**Collected material**
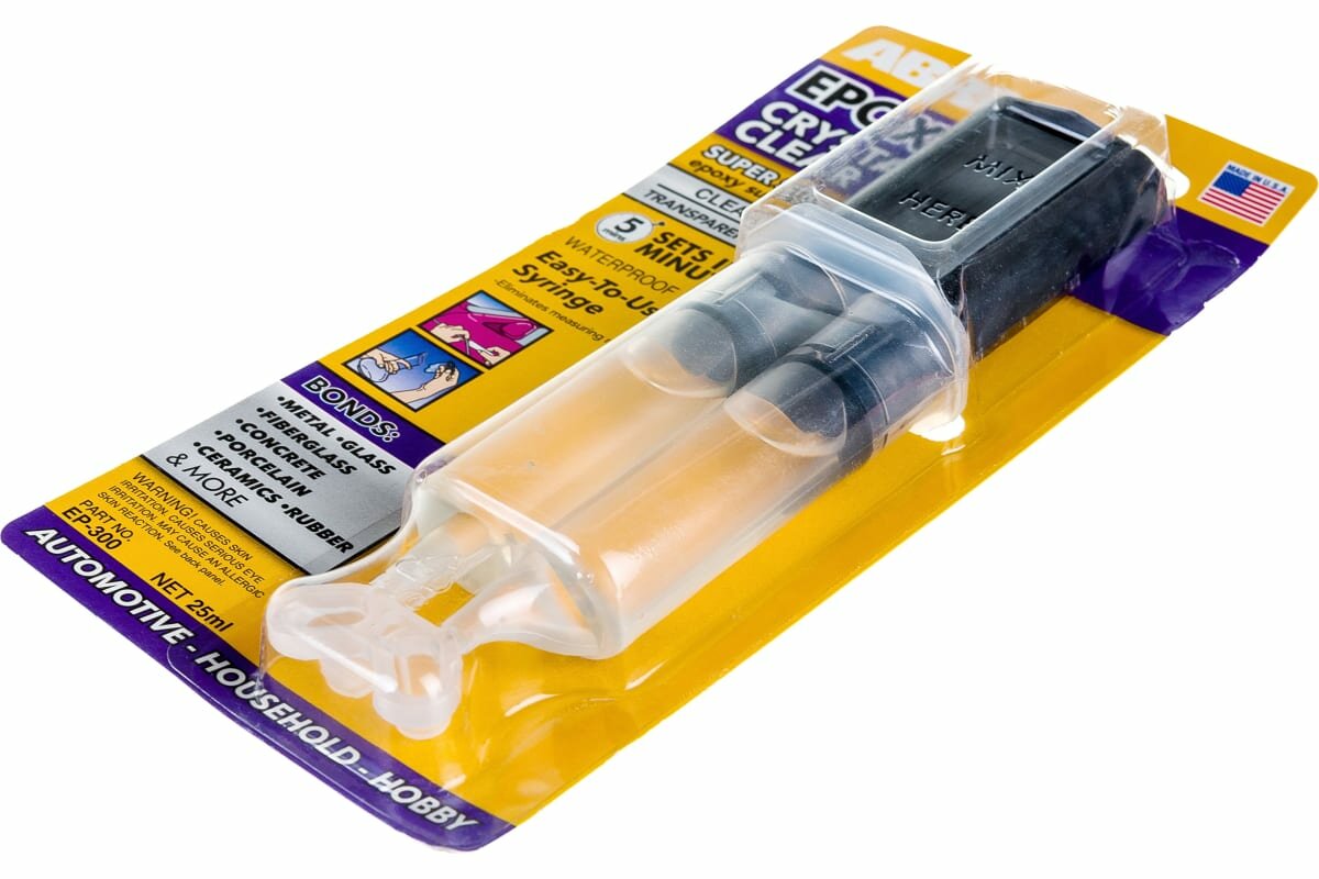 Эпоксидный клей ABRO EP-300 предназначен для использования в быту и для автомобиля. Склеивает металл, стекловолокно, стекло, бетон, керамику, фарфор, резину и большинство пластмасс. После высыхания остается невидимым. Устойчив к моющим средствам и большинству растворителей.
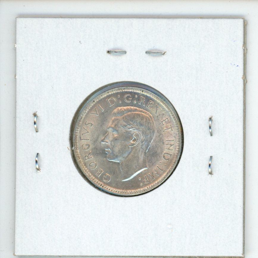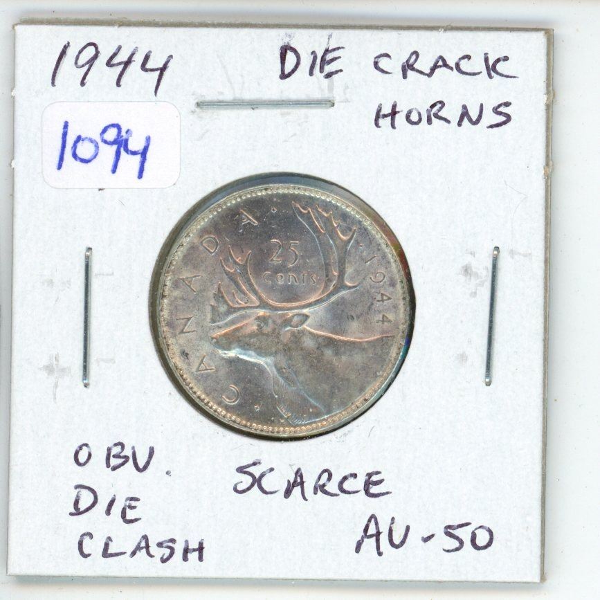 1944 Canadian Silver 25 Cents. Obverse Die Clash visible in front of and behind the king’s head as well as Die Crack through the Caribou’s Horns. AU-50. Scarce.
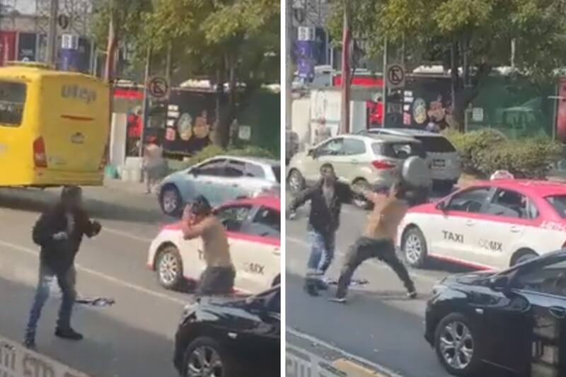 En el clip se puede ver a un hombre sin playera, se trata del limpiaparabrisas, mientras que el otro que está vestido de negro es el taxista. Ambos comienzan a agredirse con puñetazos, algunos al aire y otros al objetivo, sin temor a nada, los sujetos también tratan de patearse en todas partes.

**Task goal**
Leaving images out, please output every line of the data exactly.

**Reply**
 Эпоксидный клей ABRO EP-300 предназначен для использования в быту и для автомобиля. Склеивает металл, стекловолокно, стекло, бетон, керамику, фарфор, резину и большинство пластмасс. После высыхания остается невидимым. Устойчив к моющим средствам и большинству растворителей.
 1944 Canadian Silver 25 Cents. Obverse Die Clash visible in front of and behind the king’s head as well as Die Crack through the Caribou’s Horns. AU-50. Scarce.
 En el clip se puede ver a un hombre sin playera, se trata del limpiaparabrisas, mientras que el otro que está vestido de negro es el taxista. Ambos comienzan a agredirse con puñetazos, algunos al aire y otros al objetivo, sin temor a nada, los sujetos también tratan de patearse en todas partes.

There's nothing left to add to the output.